Message-Id: <3.0.5.32.19981007050256.007cc610@pop.peg.apc.org>
Date: Wed, 07 Oct 1998 05:02:56 +0000
To: (Recipient list suppressed)
From: Institute for Global Futures Research (IGFR) <igfr@peg.apc.org>
Subject: Global Futures Bulletin #69

Military interest in space-based solar power

By Regina Hagen, Global Futures Bulletin, #69, 1 October 1998

The US Air Force is officially planning for war from Space and for war in Space. The required new technologies are explored in a 13 volume document entitled New World Vistas: Air and Space Power for the 21st Century by the USAF Scientific Advisory Board [1].

Each volume of New World Vistas focuses on a specific topic, eg on Materials, Attack, Munitions, or Aircraft & Propulsion.

Due to general budgetary cutbacks in defense spending ... the successful pursuit of our new missions will demand creative use of commercial systems and technologies. This will produce an intimate intertwining of commercial and military applications to an extent not yet encountered.[2]

A key consideration is how to provide the tremendous power requirement for the desired Space-based platforms and weapons systems. Although they see that radioisotope thermoelectric generators, nuclear reactors, as well as nuclear propulsion—is the natural technology to enable high power in space, they recognise political and social resistance to this option [3]. Current international treaties do not preclude the location of nuclear reactors in Space [4].

Their vision: It is highly likely that very large orbiting solar power stations capable of delivering energy to the earth will be built in space in the next several decades by the commercial sector. ... These systems will likely use microwaves or millimeter waves for power transmission. It is not likely that we could use such systems in a dual-use mode as space weapons.. [however] ...the DoD could purchase power on demand from such systems. [5]

Due to budgetary restrictions the civil organization NASA has long been a willing partner of the military. For some time now they have been working on plans for solar power stations in Space. In a recent report a consortium (comprising the Science Application International Corporation, Futron Corporation, and NASA) examines the technological and financial feasibility of power production in space [6].
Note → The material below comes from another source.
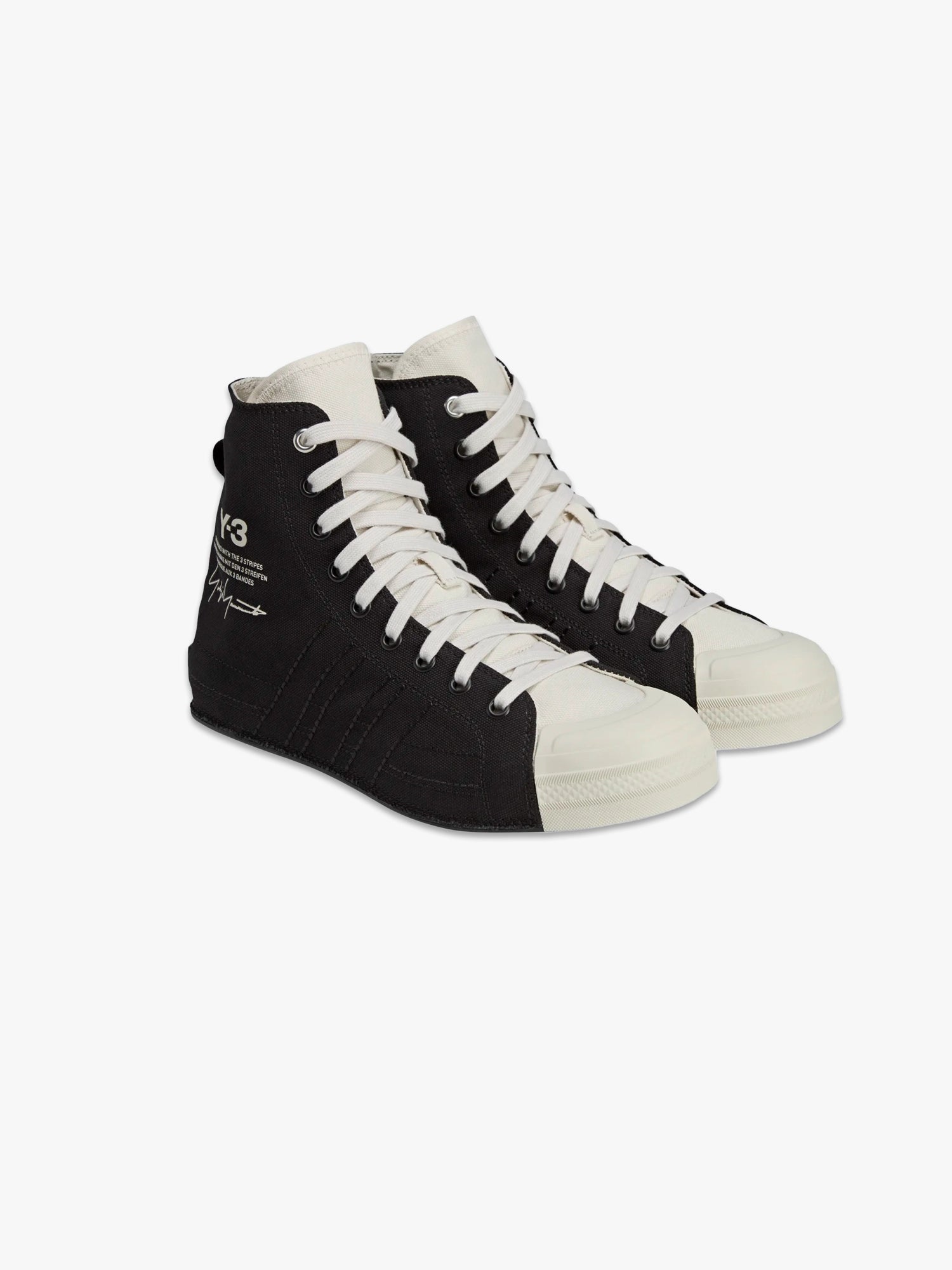 Y-3 once again disrupts adidas DNA to bring us a reimagining of sport style. The Y-3 Nizza Hi shoes completely reinterpret the adidas Nizza with a canvas upper that extends all the way to the outsole. In addition to classic details of the court silhouette, this version introduces a canvas and suede lining plus a removable Lightstrike midsole that elevate the sensation and energise it with running shoe-like responsiveness. Finishing touches include a Y-3 stacked logo graphic on the side and a Yohji Yamamoto signature on the heel patch.

A favored model in the study is the Sun Tower. The modular structure consists of several satellites, each of which resembles a large sunflower pointed at Earth. The transmitter is the flower, the sun collectors are the leaves (each ~50m in diameter) along the stem or backbone which is 3-5 km long, and used to stabilize the structure as well as to conduct the energy to the transmitter. The transmitter is a dish ~200m wide, and would transmit a 5.8 GHz microwave beam to a large receiver on earth—landbased or seabased—from where the power can be fed into a grid.
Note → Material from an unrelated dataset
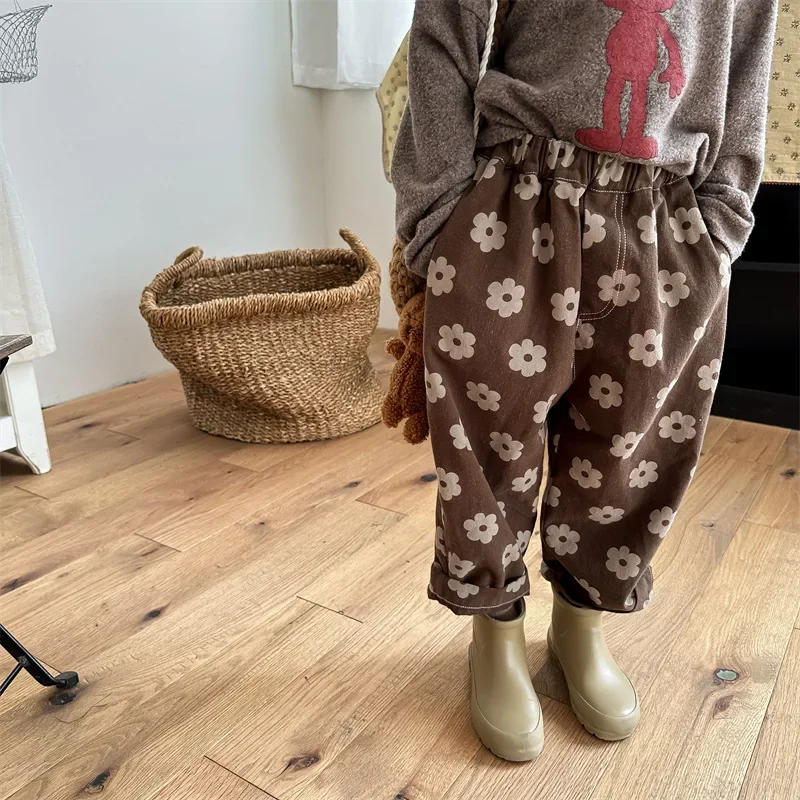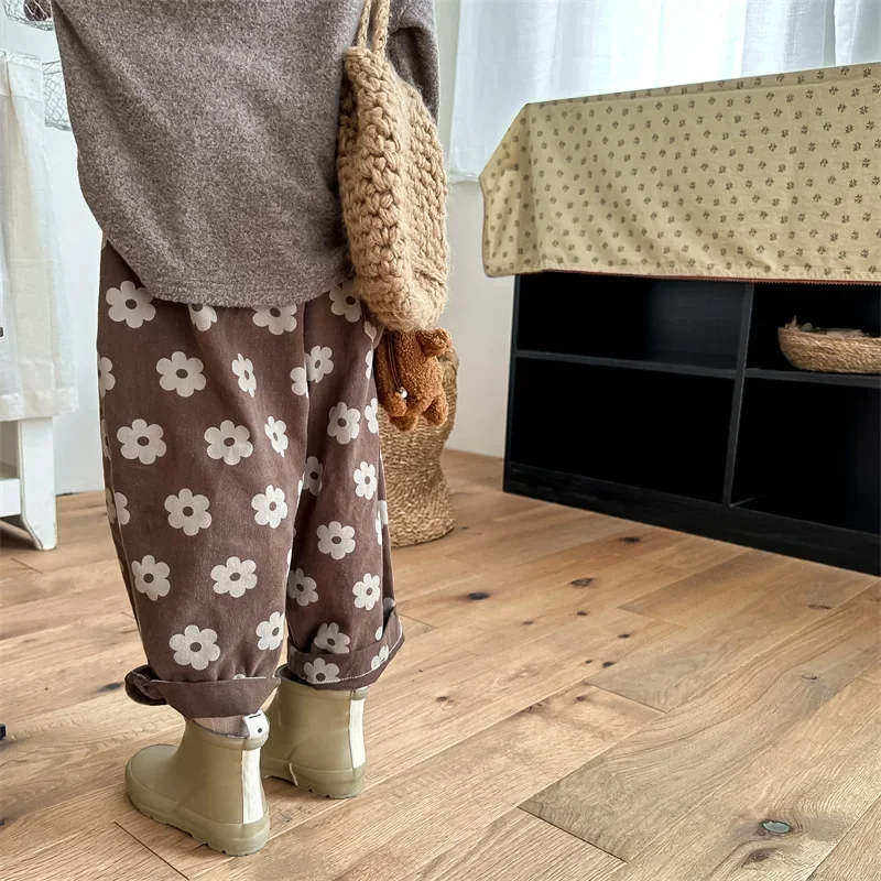 מכנסיים רחבים חדשים לילדים בסגנון וינטאג' עם הדפס פרחים לבנות, מכנסי הארם לתינוקות וילדים, מכנסי כותנה לתינוקות

If this form of power generation becomes financially viable, one could question the ramifications regarding centralised control of energy generation (eg further US corporate influence/control over foreign states), health and environmental impact of powerful microwave beams; potential of misuse of the microwave beam by redirecting transmitter; potential of accidents, eg aircraft flying through the beam.
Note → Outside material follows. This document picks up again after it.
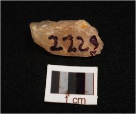 | Description / विवरण | Side scraper made on quartz with sharp working edge, broken at distal end, use ware marks along the cutting edge, bulb absent, |
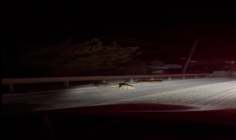Yalova’nın Çınarcık ilçesine bağlı Esenköy beldesinde bir sürü yavru domuz kara yoluna indi.

[1] USAF Scientific Advisory Board, New World Vistas. Air and Space Power for the 21st Century, (1995)

[2] USAF op cit Preface.

[3] USAF op cit vol Space Technology, p 29

[4] The Principles Relevant to the Use of Nuclear Power Sources in Outer Space, adopted in 1992 (resolution 47/68), recognize that nuclear power sources are essential for some missions, but that such systems should be designed so as to minimize public exposure to radiation in the case of accident.

http://www3.un.or.at/OOSA_Kiosk/treat/treat.html

[5] USAF op cit vol Space Applications, p 85

[6] NASA Space Solar Power. A Fresh Look at the Feasibility of Generating Solar Power in Space for Use on Earth, April (1997)


COMMENT

Military advantage and use of Space-based solar power plants may direct R&D funding into such projects where commercial considerations (with full risk and environmental assessment) alone might not justify such research and development.

Prevention of the nuclearisation and further militarisation of Space depends on continued vigilance of the civil sector and other responsible actors.

As telematics (informatics and telecommunications), energy and media become more significant components of military strategy, the distinction between civilian and military facilities becomes ever more blurred, making the prospect of demilitarisation (eg of Space) more difficult in the future.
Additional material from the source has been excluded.